Ölen abinin beş yıl sonra Yugoslav arkadaşı tarafından getirilen şahsi eşyaları abiyi hatırlatan bir kokulu deterjanla yıkanmış, temizlenmiş, bavula titizlikle yerleştirilmiştir. Daha sonraları aynı kokulu deterjanı her kullanışında abisini yeniden hatırlayacaktır. Bu da her tutku gibi sıradanlaşıp olağanlaşır.
Ve anlatıc,ı kız kardeşin kocasına aşıktır. Bu aşk da zaman içinde sıradanlaşıp önemini yitirmiştir.
Evin annesinin ise İçine sindiremeyeceği kabullenemeyeceği şeylerdir bunlar. Çünkü o kabullenenlerden çok farklı bir neslin bireyidir ve eğitimini yeni nesil gibi radyo ve televizyon zırvalarından değil, inançlarından almıştır…

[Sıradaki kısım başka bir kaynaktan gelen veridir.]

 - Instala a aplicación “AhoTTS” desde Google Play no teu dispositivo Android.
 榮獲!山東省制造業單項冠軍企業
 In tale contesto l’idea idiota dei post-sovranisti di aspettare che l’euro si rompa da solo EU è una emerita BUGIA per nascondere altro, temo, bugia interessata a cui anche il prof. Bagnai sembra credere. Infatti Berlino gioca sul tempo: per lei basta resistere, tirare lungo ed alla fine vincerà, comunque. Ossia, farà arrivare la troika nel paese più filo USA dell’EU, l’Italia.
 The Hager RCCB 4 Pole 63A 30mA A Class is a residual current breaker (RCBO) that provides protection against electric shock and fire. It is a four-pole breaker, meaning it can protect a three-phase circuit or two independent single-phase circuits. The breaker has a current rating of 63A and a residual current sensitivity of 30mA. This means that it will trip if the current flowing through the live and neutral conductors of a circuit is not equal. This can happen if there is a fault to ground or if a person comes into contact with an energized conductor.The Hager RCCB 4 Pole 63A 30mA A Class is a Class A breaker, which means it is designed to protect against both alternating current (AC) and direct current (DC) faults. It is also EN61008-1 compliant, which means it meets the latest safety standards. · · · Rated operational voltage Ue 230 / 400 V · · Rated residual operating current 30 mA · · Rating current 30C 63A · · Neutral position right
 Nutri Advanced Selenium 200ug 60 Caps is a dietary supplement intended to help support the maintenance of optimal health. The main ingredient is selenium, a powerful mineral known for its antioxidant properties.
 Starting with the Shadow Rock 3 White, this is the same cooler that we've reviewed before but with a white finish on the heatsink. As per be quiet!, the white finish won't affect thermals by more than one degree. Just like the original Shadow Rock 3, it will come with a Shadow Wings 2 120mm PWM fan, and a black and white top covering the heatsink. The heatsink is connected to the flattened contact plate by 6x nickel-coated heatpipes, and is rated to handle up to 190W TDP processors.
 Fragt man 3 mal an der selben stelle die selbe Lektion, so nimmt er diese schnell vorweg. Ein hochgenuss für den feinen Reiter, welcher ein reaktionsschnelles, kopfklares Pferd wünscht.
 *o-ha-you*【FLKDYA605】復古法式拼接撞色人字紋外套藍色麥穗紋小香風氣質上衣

Anlayana, çok şeyler anlatan bir öyküydü. Alıştığımız sınırları zorlamışsınız ve güzel bir kurgu oluşturmuşsunuz. Tebrikler. Selam ve saygıyla
nitemtran
Öyküye ışık tuttun Kemal abi.
Sağlıcakla,
Bu güzel içten öykünün altında Farid Farjad'ın classic parçaları güzel gitti. Okurken, keman sesiyle dalgalandım...
Hocam belki bilirsiniz Osho adında bir düşünür var. Hindistan'da yaşamış hatırı sayılır bir düşünür. Kendisinin de mutluluk, arayış, öz benlik üzerine bir çok konuşması mevcut. Hatta konuşmalarından derlenmiş onlarca kitabı da var. Eğer dikkatinizi çekerseniz bir araştırın; kitaplarına ulaşın derim.

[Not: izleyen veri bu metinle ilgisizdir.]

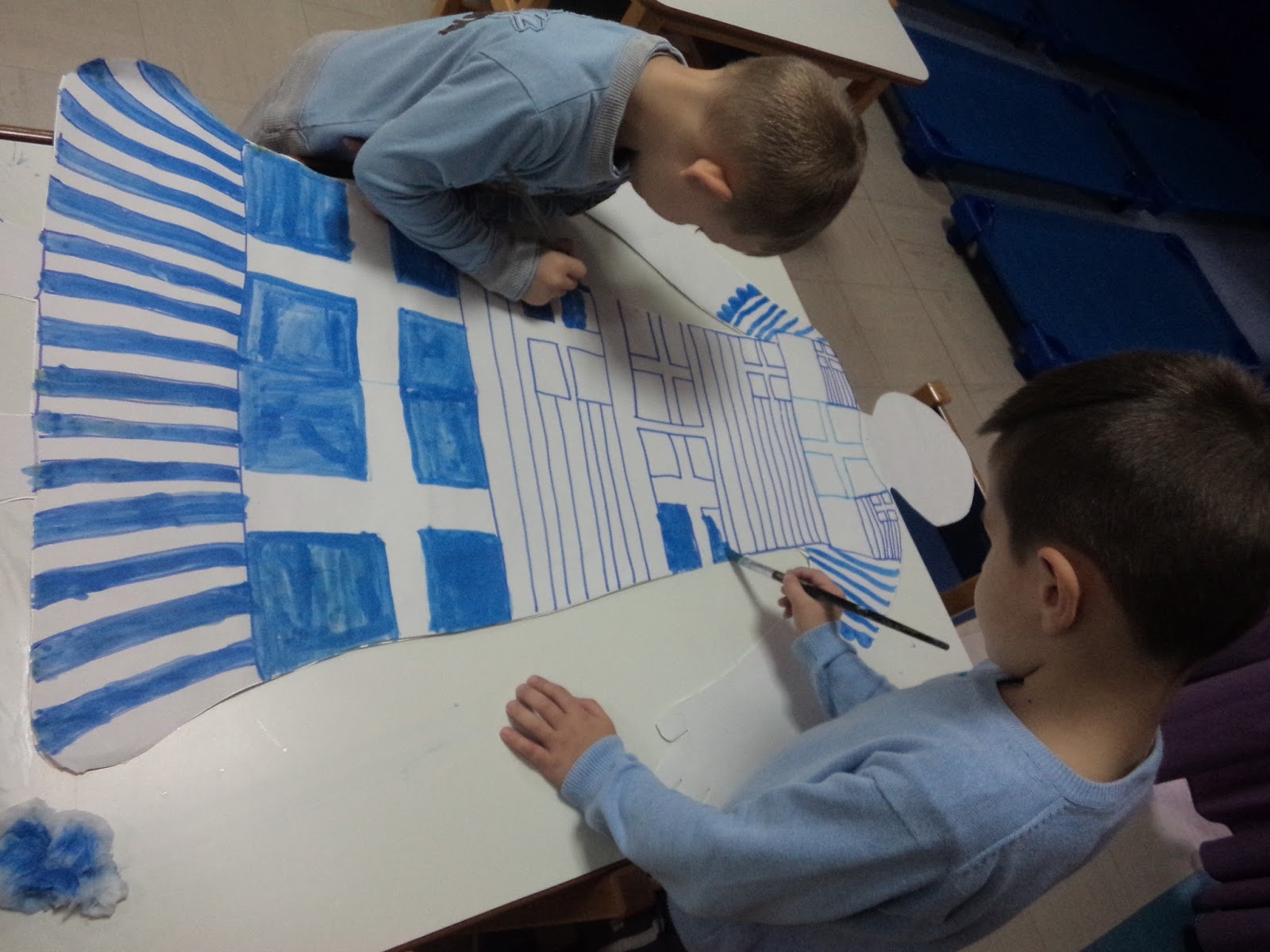 Με ομαδική δουλειά και συνεργασία με το άλλο τμήμα, στόλισαν υπέροχα το σκηνικό μας!!

Yazınızı okuyunca fark ettim. Sorgulamayı çok seviyor olmalısınız. Gerçi insanın düşünmekten başka neyi var ki değil mi?
Aslında daha uzun şeyler de yazabilirdim. Ama yazınızı tekrar okumayı düşünüyorum.
Saygı ve sevgilerle.
nitemtran
Sorgu bizim hayat gustomuz. Sorgulamayı bilemeyen yazabilir mi ki? Osho, evet bilirim. İnternetten okumuşluğum var. Benim kahraman da duymuş olmalı ki, onun anlattıklarını naklediyor.
Siz gibi dikkatli okuyucu iyidir. Göndermeyi yakalamışsınız.
Sağlıcakla
Taa uzaklardan gelen güzel bir öykü...
Hele;
" Bir radyo programında söylemişlerdi"...diye başlayan paragraf.
Aşık olası geliyor insanın.
Ama nerdee?
Yaş yetmişe dayandı.
Bilemedik mi acaba gençliğin kıymetini?
Ben de buralardan size sonsuz selamlar gönderiyorum Usta!
nitemtran
Gençliğin kıymeti şimdi elde olanla ölçülür. Onca evlat ve torunun kıymetini kim ölçebilir.